Instead of completely turning away from her faith, Evans used the tumultuous period of her life to model the Old Testament patriarch Jacob, who wrestled with God. She had once looked at her Bible as a manual to provide black-and-white answers to any problem. She came to see the Scriptures as an “inspired library of diverse writings, rooted in a variety of contexts, that have stood the test of time, precisely because, together, they avoid simplistic solutions to complex problems.”
In “Inspired,” she leans in to those difficult passages that theologians throughout time have toiled with and really asks what God is trying to teach us through each one of these tales. She also reminds us that, in contrast to the modern day, the inspired stories were seen by ancient Jews as conversation starters, not conversation enders.
Throughout the book she alternates through seven types of stories — Origin, Deliverance, War, Wisdom, Resistance, Gospel, Fish and Church — and intermingles her own modern-day parables, poetry and even choose-your-own-adventure tales. (I especially enjoyed these creative pieces and saw the Bible stories in new light through them.)

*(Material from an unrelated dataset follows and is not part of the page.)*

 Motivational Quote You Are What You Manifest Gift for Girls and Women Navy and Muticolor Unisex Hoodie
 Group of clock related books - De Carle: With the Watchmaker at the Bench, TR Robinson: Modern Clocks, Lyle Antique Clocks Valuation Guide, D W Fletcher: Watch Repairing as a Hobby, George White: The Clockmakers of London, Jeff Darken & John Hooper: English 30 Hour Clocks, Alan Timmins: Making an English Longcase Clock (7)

Evans provides lots of historical and cultural context surrounding the time periods of the passages she studies and includes theological commentary as well. She challenges us that “if you’re curious, you will never leave the text without learning something new. If you’re persistent, you just might leave inspired.”

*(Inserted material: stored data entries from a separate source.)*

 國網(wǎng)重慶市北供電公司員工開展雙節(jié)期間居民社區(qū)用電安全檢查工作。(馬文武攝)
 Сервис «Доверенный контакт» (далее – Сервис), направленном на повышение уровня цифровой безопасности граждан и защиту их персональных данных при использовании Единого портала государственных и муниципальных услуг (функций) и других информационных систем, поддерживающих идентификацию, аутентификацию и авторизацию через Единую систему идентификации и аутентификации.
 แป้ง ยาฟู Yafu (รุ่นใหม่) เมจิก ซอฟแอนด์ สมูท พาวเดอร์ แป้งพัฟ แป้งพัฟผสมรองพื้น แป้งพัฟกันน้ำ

As someone of her age group and similar upbringing, I related to many of Evans’ sentiments. While I did thoroughly enjoy the book and found encouragement to embrace the stories in God’s inspired Word with new eyes — even the difficult ones — I do not think I would recommend it for a new Christian just beginning their walk of faith.
I would recommend it to those who already have lots of knowledge of Scripture. Evans is a progressive thinker from a different faith from me, and I realize many members of Churches of Christ will not agree with some of her interpretations or conclusions.

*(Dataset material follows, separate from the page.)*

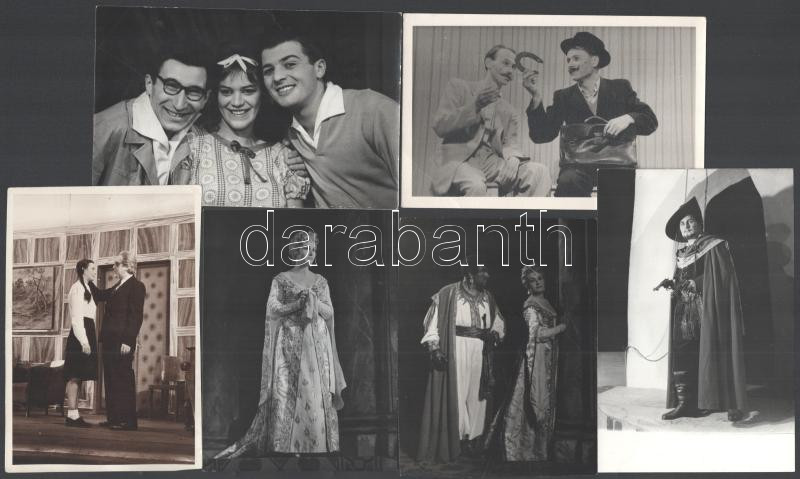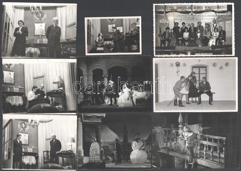Leírás: Jelenetek magyar filmekből és színdarabokból, 15 db fotó, közte 2 db pecséttel jelzett (egyik Keleti Éva), 6×9 és 9×14 cm közötti méretekben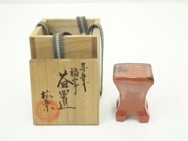 - ys6987835; 佐々木松楽造 赤楽福字蓋置(共箱)【道】

But I welcome these conclusions as a chance to re-examine the passages, study for myself and continue to ask hard questions as I engage in the community around me.
I realize, like Evans, “there are parts of the Bible that inspire, parts that perplex and parts that leave you with an open wound. I’m still wrestling, and like Jacob, I will wrestle until I am blessed. God hasn’t let go of me yet.”
Katie Isenberg and her family worship with the Keizer Church of Christ in Oregon.
CORRECTION: This review has been updated to note that “Inspired” is not Evans’ final book. Her last book, Wholehearted Faith,” is scheduled for release from HarperOne in October 2020.